It’s for the Harveston house, right? Don’t do it. That is mortage fraud and you are complicit. And, run from that loan broker and tell everyone you know not to use him/her.
You shouldn’t have PMI with an 80/20 loan. I take it you don’t have a down payment, so you ethically have to accept the lender guidelines and pay a higher rate on the 2nd. Instead of participating in a mortgage fraud, either pay the higher rate on the 2nd and figure out how to pay it down early, or don’t buy.
I sympathize with you in that it’s easy to fall down the “slippery slope” because “everybody else is doing it”, but you can take the high road here.

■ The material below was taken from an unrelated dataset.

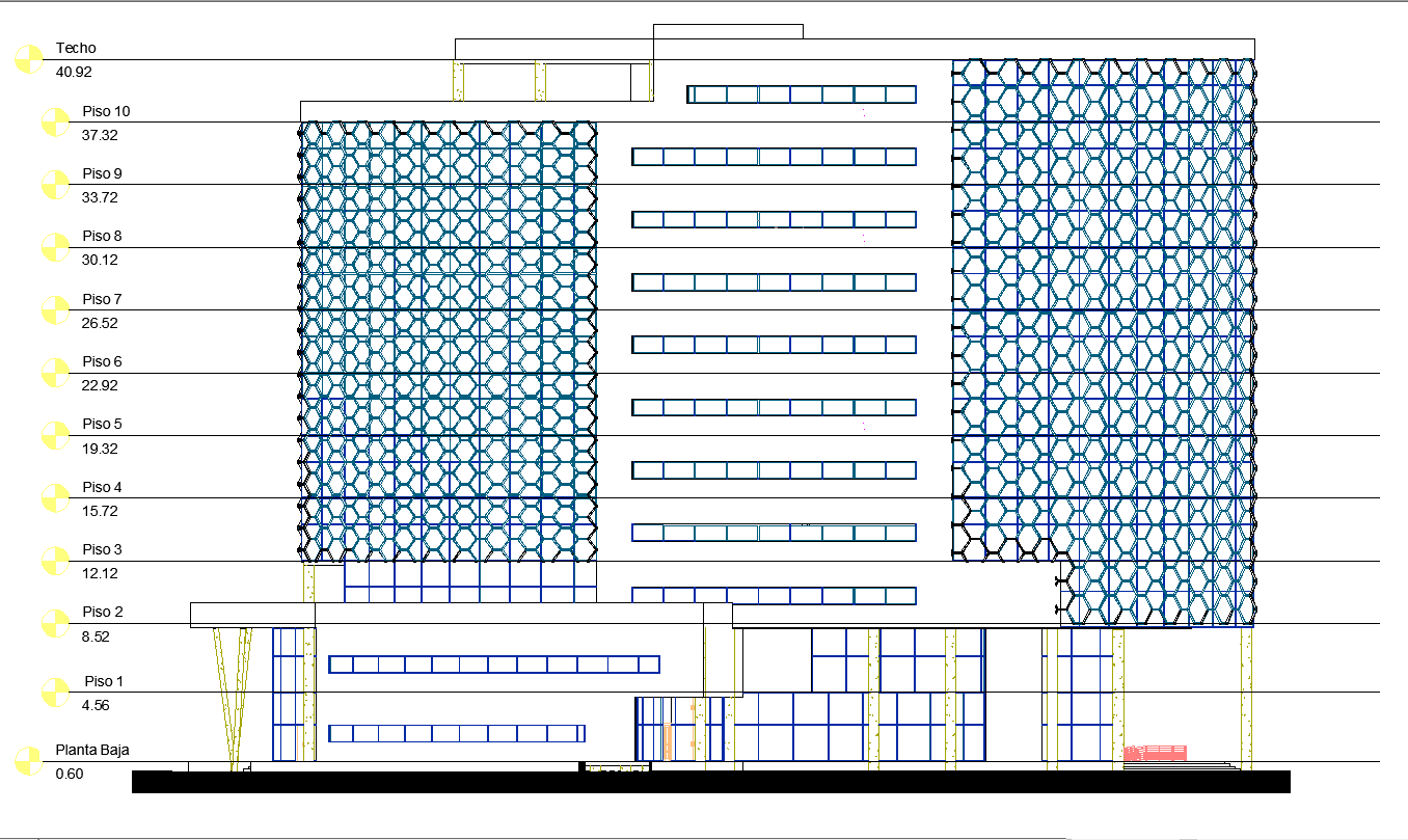 High Rise Building project dwg file. Find here corporate office building elevation design with much more detailing in dwg file.
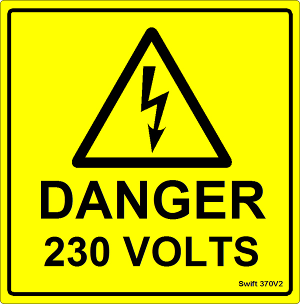 The label clearly states ‘Danger 230 volts’ on a yellow background.

BTW, the difference in the prop tax at 1.9% Harveston rate on 20% of 430,000, or $86,000, is $1634 annually for year 1. Then you can expect the 2% assessed value increase annually so the incremental tax basis year 2 would be $87,720 and the prperty tax would increase to $1686. You can expect this increase yearly, unless property values tank and are reassessed down. And, while the general public merrily deducts that entire property tax bill on form 1040 schedule A, the amount is not entirely deductible – the portions relating to special assessments and considered by the IRS not to be taxes. But that’s another story because the IRS is auditing prop tax bills and many people in Mello-Roos areas are going to be unhappy campers when audited. 🙁
The difference on a 1% rate increase on 20% of $340,000, or $68,000, is 70 cents per thousand monthly, or 47.60 per month, or $571 annually. It seems to me you are better off paying the higher interest rate on a 2nd, even if it is 3 points higher than the 1st, as the interest is 100% deductible, decreases annually, and can be paid off entirely.